We'll learn about the type keyword to define type aliases later.

Given that strings are lists, we can manipulate them using all the standard list functions we have at our disposal. Search for Data.List on Hoogle to get an idea of the types of functions there are to manipulate lists. You can of course also define your own. Here, I mention a few very basic ones. Other commonly used list functions will be introduced when we need them.

First, there is the function that tests whether a list is empty:

null :: [a] -> Bool

Since strings are special types of lists, we can use it to test whether a string is empty or not:

GHCi
>>> null ""
True
>>> null "Hello"
False

The length function tells us the length of a list:

length :: [a] -> Int
GHCi
>>> length ""
0
>>> length "Hello"
5

The functions head and tail are undefined if the input list is empty. For a non-empty list, head returns the first element of the list, that is, the first character when applied to a string. tail returns the whole list with the first element removed:

GHCi
>>> head "Hello"
'H'
>>> tail "Hello"
"ello"
>>> head ""
*** Exception: Prelude.head: empty list
>>> tail ""
*** Exception: Prelude.tail: empty list

Finally, we have the (:) operator (sometimes called "cons" for "construct"), which takes as arguments an element x of type t and a list xs of type [t] and constructs a new list x:xs of type [t] whose first element (head) is x and whose tail is xs:

GHCi
>>> 1 : [2,3,4,5]
[1,2,3,4,5]
>>> 'H' : "ello"
"Hello"
>>> 'H' : 'e' : 'l' : 'l' : 'o' : ""
"Hello"

Note the subtle distinction between single quotes and double quotes here.
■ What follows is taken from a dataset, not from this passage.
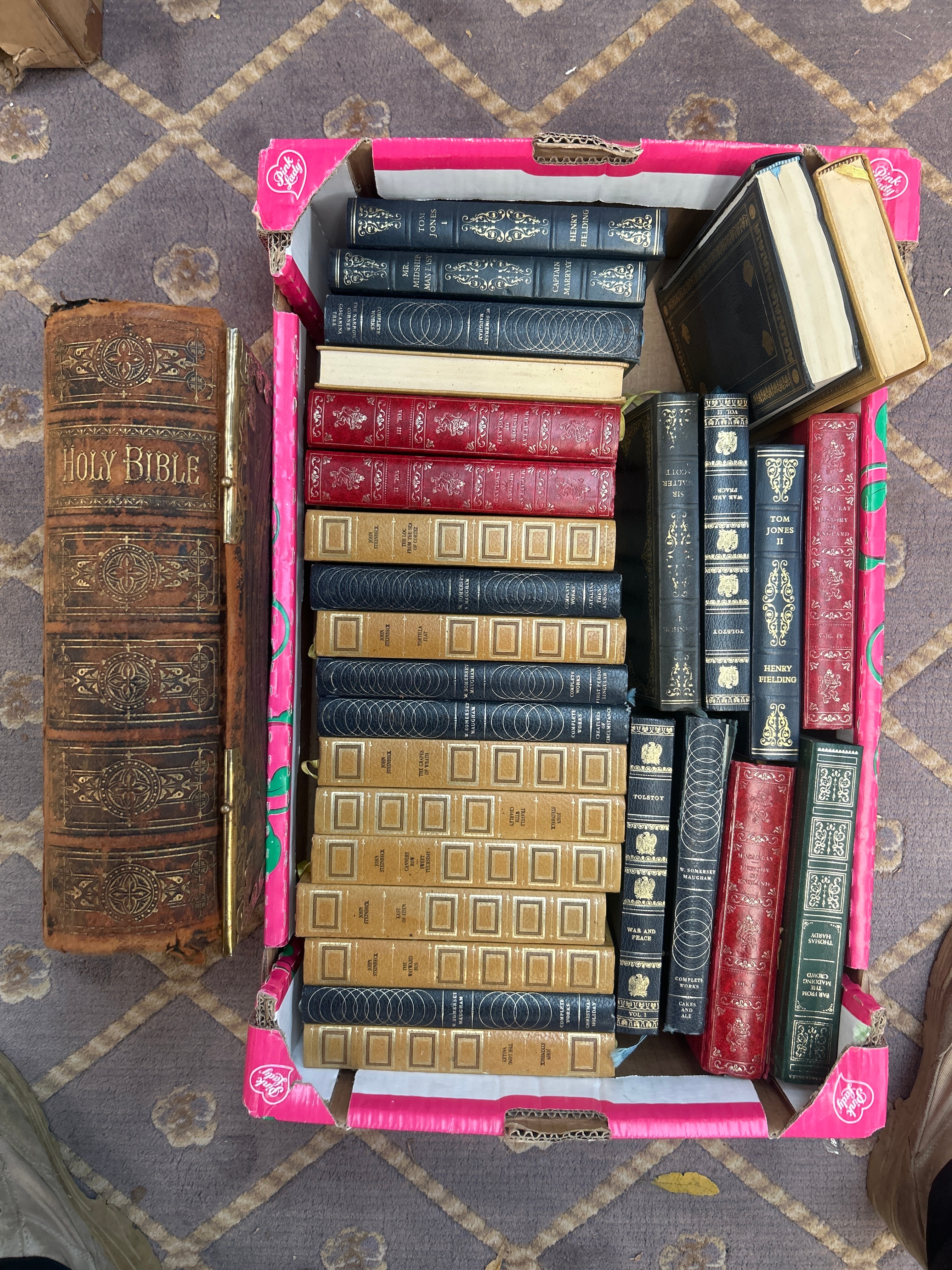 A collection of approximately 40-50 books. The majority of the collection consists of Franklin Library editions, uniformly bound in various colors including dark blue/black with gilt decorative spines and titles, red with gilt lion rampant emblems, and light brown/tan with gilt rectangular frames. Noted titles include works by Henry Fielding (“TOM JONES I,” “TOM JONES II”), Captain Marryat (“MR. MIDSHIPMAN EASY”), Sir Walter Scott, Tolstoy (“WAR AND PEACE”), W. Somerset Maugham (“COMPLETE WORKS,” titles such as “FIRST PERSON SINGULAR,” “CREATURES OF CIRCUMSTANCE,” “CHRISTMAS HOLIDAY,” “CAKES AND ALE”), John Steinbeck (“THE GRAPES OF WRATH,” “TRAVELS WITH CHARLEY,” “CANNERY ROW,” “SWEET THURSDAY,” “EAST OF EDEN,” “THE LONG VALLEY,” “THE WAYWARD BUS”), Thomas Hardy (“FAR FROM THE MADDING CROWD”), and Macaulay (“HISTORY OF ENGLAND” Vol. II, III, IV). These books are primarily housed within a pink cardboard box with “Pink Lady” branding. Accompanying this collection is one large, heavily embossed brown book featuring a brass clasp, labeled “HOLY BIBLE.”

Single quotes are used to delimit individual characters. Double quotes are used to delimit strings. So 'a' is a single character, of type Char. "a" is a string of length one, of type String, that is, [Char]. Char and [Char] are two different types. That's the same as in Java, where we use single quotes to delimit characters, and double quotes to delimit strings. In Python, we can use single or double quotes interchangeably to delimit strings, because Python does not have a character type. Individual characters in Python are represented as one-character strings, a questionable choice in my opinion.

The cons operator is the most fundamental operator to manipulate lists because, as we will see soon, we can also use it in pattern matching expressions to decompose a list into its head and tail. All the other list functions, such as null, length, head, tail, and all the functions in Data.List are implemented using cons and pattern matching. For example:

length :: [a] -> Int
length []     = 0
length (_:xs) = 1 + length xs

It's okay if you don't understand this function definition yet. You will soon. This definition says that the length of the empty list [] is 0, and the length of any non-empty list is one more than the length of its tail, a recursive definition to compute the length of any list.

Finally, there is a list concatenation operator, (++), which we can also use to concatenate strings:

GHCi
>>> "Hello" ++ ", world!"
"Hello, world!"

That's it for characters and strings for now. As you learn about more advanced list functions that you can use to transform, filter or partition lists, and many more, remember that all of them can also be applied to strings because strings are lists of characters.